"""

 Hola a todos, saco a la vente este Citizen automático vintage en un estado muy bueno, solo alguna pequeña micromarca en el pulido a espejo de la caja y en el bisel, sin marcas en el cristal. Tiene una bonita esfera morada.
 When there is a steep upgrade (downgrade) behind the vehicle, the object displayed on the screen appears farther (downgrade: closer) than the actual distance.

"""
"""

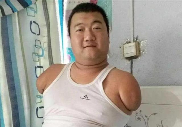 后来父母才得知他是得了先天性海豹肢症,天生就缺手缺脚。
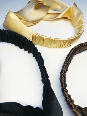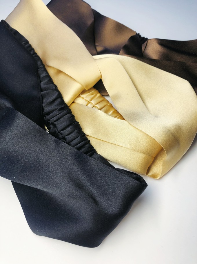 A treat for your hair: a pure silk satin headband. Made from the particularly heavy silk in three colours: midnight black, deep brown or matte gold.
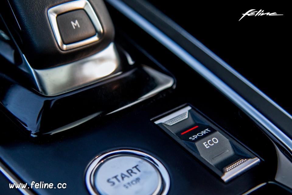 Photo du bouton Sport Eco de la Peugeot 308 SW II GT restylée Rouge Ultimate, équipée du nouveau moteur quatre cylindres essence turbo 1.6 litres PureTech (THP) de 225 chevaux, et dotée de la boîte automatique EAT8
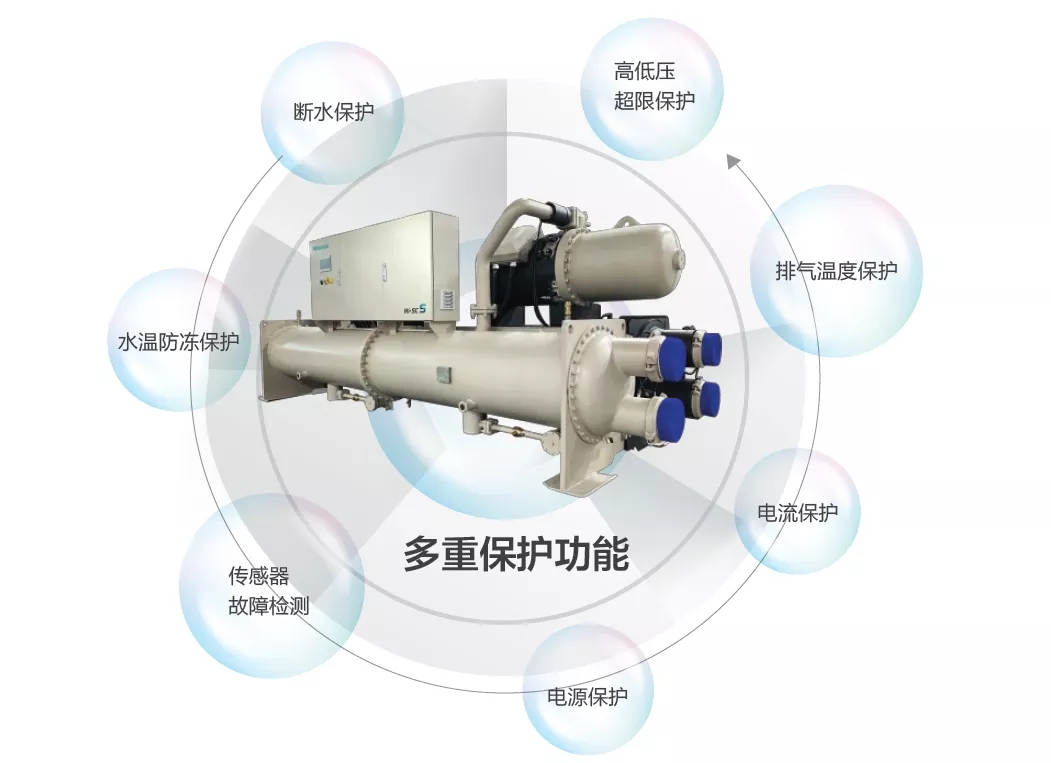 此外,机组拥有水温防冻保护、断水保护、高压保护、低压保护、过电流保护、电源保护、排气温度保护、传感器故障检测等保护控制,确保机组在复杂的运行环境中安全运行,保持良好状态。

"""
"""

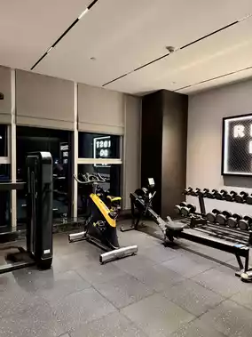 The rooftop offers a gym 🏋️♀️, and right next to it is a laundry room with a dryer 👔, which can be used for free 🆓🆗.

"""

== Action item ==
In the entries above, find the line containing "Photo du bouton" and the line containing "此外,机组拥有水温防冻保护、", then copy both and every line between them exactly, without any picture.

== Written answer ==
 Photo du bouton Sport Eco de la Peugeot 308 SW II GT restylée Rouge Ultimate, équipée du nouveau moteur quatre cylindres essence turbo 1.6 litres PureTech (THP) de 225 chevaux, et dotée de la boîte automatique EAT8
 此外,机组拥有水温防冻保护、断水保护、高压保护、低压保护、过电流保护、电源保护、排气温度保护、传感器故障检测等保护控制,确保机组在复杂的运行环境中安全运行,保持良好状态。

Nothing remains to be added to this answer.